Generally speaking, Projects are intended to "silo" the resources contained within. Objects within the Project can freely reference other objects within the same Project but cannot reference objects in other Projects (without being explicitly allowed to do so).
|
For example, in our "Invoices" Project, the "Invoices OCR" OCR Profile references the "Image Cleanup - OCR" IP Profile to perform temporary image processing prior to running OCR.

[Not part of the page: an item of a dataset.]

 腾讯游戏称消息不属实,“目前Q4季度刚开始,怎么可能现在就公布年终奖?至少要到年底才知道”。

Generally speaking, maintaining reference integrity is ideal. The more narrowly you can define an object's allowable scope of reference, the better. This makes it easier to track down references, limits the number of object dependencies, making your system easier to manage, and limits possible system corruption down the line if a mess of "reference spaghetti" gets tangled up in one way or another. |
|
|
However, imagine you're working in a different Project. Take our "Human Resources" Project. It makes perfect sense to have these two things separated into two Projects. They're two different use cases. They use different Content Models. They use different Batch Processes. There's good reason to keep the "invoice-y" things in one spot and the "human resource-y" things in another. There's no reason to clutter up our Project related to human resources documents with assets that only pertain to invoices. But, particularly for Grooper users who use Grooper across a variety of use cases, you will run into situations where resources you build for one project can be utilized in another. In these cases, it would be beneficial to share resources so that you don't have to rebuild something you've already developed. Let's say the "Image Cleanup - OCR" IP Profile would also work really well for our human resources (HR) documents. We've already done the work to get that IP Profile working well, and we don't want to duplicate our efforts by recreating it.
|
Using Resources in Other Projects
So, if we want to use an object from an external Project, what can we do? There are three options:
- Directly copy the object from one Project to another.

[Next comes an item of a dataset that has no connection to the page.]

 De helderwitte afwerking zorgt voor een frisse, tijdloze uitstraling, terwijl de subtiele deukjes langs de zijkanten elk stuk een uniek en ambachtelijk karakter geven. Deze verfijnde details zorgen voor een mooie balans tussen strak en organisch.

- Reference the external Project to allow access to its resources.
- Create a shared resources Project that both Projects reference.
Depending on the situation, there will be strengths and weaknesses to each approach. Next, we will detail each option and discuss some of these associated drawbacks.
Option 1: Copying Objects from One Project to Another
For simpler Grooper environments and simple Grooper objects, simply copying the desired object from one Project to another can work out just fine. This option is often the best for the most basic of circumstances.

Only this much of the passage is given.